Two patients temporarily interrupted concurrent chemoradiation because of Grade IV diarrhoea. The remaining 70 patients completed the planned concurrent chemoradiation. In all patients, the complete response rate was 8.3% and the partial response rate was 51.4%. The overall response rate was 59.7% and clinical benefit rate was 93.1%. Symptomatic responses proved to be obvious and tumour resection was performed in 18 patients. The overall median survival time and median progression-free survival time were 32 and 17 months, respectively. 3 year overall survival and progression-free survival were 45.12% and 31.19%, respectively. Severely acute toxicities included Grade III–IV diarrhoea and granulocytopenia with 9.7% and 8.3% incidence respectively. Small bowel obstruction was severely late toxicity, and the incidence was 1.4%.

Conclusion

Three-dimensional conformal accelerated hyperfractionation field-involved re-irradiation combined with concurrent capecitabine chemotherapy might be an effective and well-tolerated regimen for patients with LRIRC.

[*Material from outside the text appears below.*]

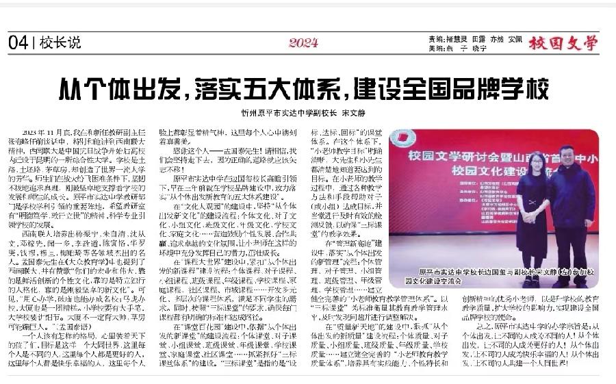 特稿:从个体出发新教育,助力《校园文学》大发展
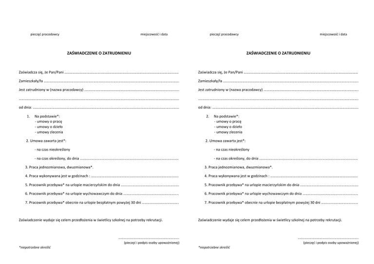 pieczęć pracodawcy miejscowość i data pieczęć pracodawcy miejscowość i data ZAŚWIADCZENIE O ZATRUDNIENIU ZAŚWIADCZENIE O ZATRUDNIENIU Zaświadcza się, że Pan/Pani ……………………………………………………………………………………….…………………… Zaświadcza się, że Pan/Pani ……………………………………………………………………………………….…………………… Zamieszkały/ła ………………………………………………………………………………………………………………………..………. Zamieszkały/ła ………………………………………………………………………………………………………………………..………. Jest zatrudniony w (nazwa pracodawcy) ………………………………………………………………………………..……….. Jest zatrudniony w (nazwa pracodawcy) ………………………………………………………………………………..……….. …………………………………………………………………………………………………………………………………..……………………. …………………………………………………………………………………………………………………………………..……………………. od dnia: …………………………………………………………………………………………………………………………………………… od dnia: …………………………………………………………………………………………………………………………………………… 1. Na podstawie*: - umowy o pracę - umowy o dzieło - umowy zlecenia 2. 2. Umowa zawarta jest*: Na podstawie*: - umowy o pracę - umowy o dzieło - umowy zlecenia 2. Umowa zawarta jest*: - na czas nieokreślony - na czas nieokreślony - na czas określony, do dnia ……………………………………………………………………….………….………… - na czas określony, do dnia ……………………………………………………………………….………….………… 3. Praca jednozmianowa, dwuzmianowa*. 3. Praca jednozmianowa, dwuzmianowa*. 4. Praca wykonywana jest w godzinach : …………………………………………………………………….……………. 4. Praca wykonywana jest w godzinach : …………………………………………………………………….……………. 5. Pracownik przebywa* na urlopie macierzyńskim do dnia ………………………………………..……………. 5. Pracownik przebywa* na urlopie macierzyńskim do dnia ………………………………………..……………. 6. Pracownik przebywa* na urlopie wychowawczym do dnia ………………………………….……………….. 6. Pracownik przebywa* na urlopie wychowawczym do dnia ………………………………….……………….. 7. Pracownik przebywa* obecnie na urlopie bezpłatnym powyżej 30 dni …………………………………. 7. Pracownik przebywa* obecnie na urlopie bezpłatnym powyżej 30 dni …………………………………. Zaświadczenie wydaje się celem przedłożenia w świetlicy szkolnej na potrzeby rekrutacji. Zaświadczenie wydaje się celem przedłożenia w świetlicy szkolnej na potrzeby rekrutacji. ………………………………………………………... ………………………………………………………... (pieczęć i podpis osoby upoważnionej) *niepotrzebne skreślić (pieczęć i podpis osoby upoważnionej) *niepotrzebne skreślić

Local recurrence (LR) represents the most frequent relapse of disease after conventional treatment of rectal cancer. LR incidence is less than 15% for Stage I rectal cancer with curative resection and long-term survival is possible without adjuvant treatment. But for Stage II/III rectal cancer, LR incidence will reach 16–65% [1], and even if adjuvant treatment has been taken actively there is still a LR incidence of 5–20% [2,3], which will lead to treatment failure. Without treatment, overall survival is only 3.5–13.0 months for patients with locally recurrent disease [4], and quality of life is seriously compromised due to clinical symptoms such as local pain, tenesmus, etc. Treatment options for these patients include radical resection, radiation therapy alone, chemotherapy alone, and a combined modality treatment with all of these measures. Radical resection is the most significant measure to improve survival in patients with locally recurrent rectal cancer (LRRC) [5-13]; re-irradiation can further boost local control and survival [6], and the addition of chemotherapy can also bring a survival benefit [7,14]. Radical resection is feasible for non-fixed recurrent tumours, but the majority of LRRCs appear in the form of a fixed tumour in the narrow pelvis. The pelvic wall can be easily invaded and complete resection is usually not feasible. For locally recurrent and irresectable rectal cancer (LRIRC) the combination of re-irradiation and chemotherapy is an ideal treatment modality that can result in a considerable survival benefit [6]. But because of fear of re-irradiation toxicities, the radiation dose is often limited to 30–40 Gy [7,15]. At this dose, an antitumour effect that might achieve complete response or survival cannot be expected. There have been reports that the combination of external beam irradiation (EBRT) with intra-operative radiotherapy (IORT) allowed local delivery of a tumoricidal biological dose of up to 80–90 Gy [16,17]. This strategy, however, is difficult to apply in practice because of the complexity of the technique and operation.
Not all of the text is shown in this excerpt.